Re: More wing shapes

To: Chris Davey <>,
Subject: Re: More wing shapes
From: (Danny Rogers)
Date: Fri, 8 May 1998 11:51:31 +1000 (EST)
At 08:53 AM 8/05/98 +1000, Chris Davey wrote:
>On thinking further about wing shapes whilst shaving this morning (always a
>good time to think!) it occurred to me that I am not aware of any species
>which wing moults more than once a year, unlike body moult, so there is a
>problem and hence why, in the course of a year, you cannot have two
>different wing shapes. 
Wing moult is a serious business for a bird: lots of energetic costs related
to growing a lot of feather protein that is relatively rich in a couple of
sulphur-rich amino acids that may be hard to come by; increased water loss;
impaired insulation; impaired flight abilities that increase flight costs
and can make birds much more susceptible to predators.
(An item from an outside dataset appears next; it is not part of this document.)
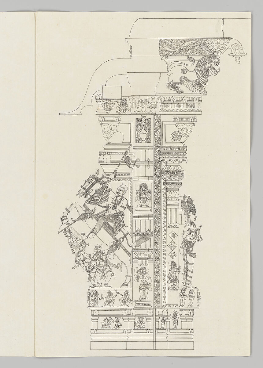 These eighteen drawings depict sculptural piers in the Pudu Mandapa (‘New Pillared Hall’), a temple festival hall built around 1630 as an addition to the Minakshi-Sundareshvara temple complex at Madurai. The hall was constructed at the behest of the Nayaka ruler Tirumala Nayak (r. 1623–59), whose reign marked a high point in temple and courtly patronage at the southern city of Madurai. The interior gallery is adorned with 124 elaborately sculpted piers, capitals and lintels decorated with narrative reliefs of the Brahmanical gods and local legends devoted to their worship. These meticulously executed ink drawings are on English laid paper watermarked ‘J. Whatman’ and with the firm’s trademark fleur-de-lis and the year 1798.
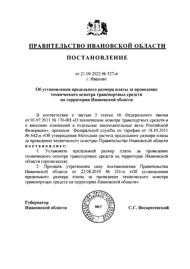 Постановление Правительства Ивановской области от 21.09.2022 N 527-п "Об установлении предельного размера платы за проведение технического осмотра транспортных средств на территории Ивановской области"

It is also a
time-consuming process: even if a bird is prepared to drop all its flight
feathers simultaneously (thus becoming flightless) wing moult will take
about 3 weeks to a month. More often wing moult is spread over two to four
months, and in big birds (which have to grow more feather material) it can
take much longer. There are lots of good reasons for birds to avoid moulting
their wings more than once a year.

Nevertheless, there are a few birds which replace their primaries and
secondaries twice a year. They seem to fall into two categories: (1) Small
passerines inhabiting thick grass and undergrowth, in which the primaries
abrade very quickly. They include a few Cisticolas and Prinias, and a
Columbian population of Rufous-collared Sparrow Zonotrichia capensis. I
think there are one or two other New World species that have slipped my
memory. (2) A few long-distance migrants: Willow Warbler, Bobolink, and
rather oddly, Franklin's Gull (the only large bird I know of that replaces
all its primaries twice a year).

There might be a few other species that do similar things (there are lots of
birds that have never had their moult studied in detail) but it's fair to
say that double wing-moult strategies are rare. As far as I know, no change
in wing shape from moult to moult occurs in any of the birds listed above.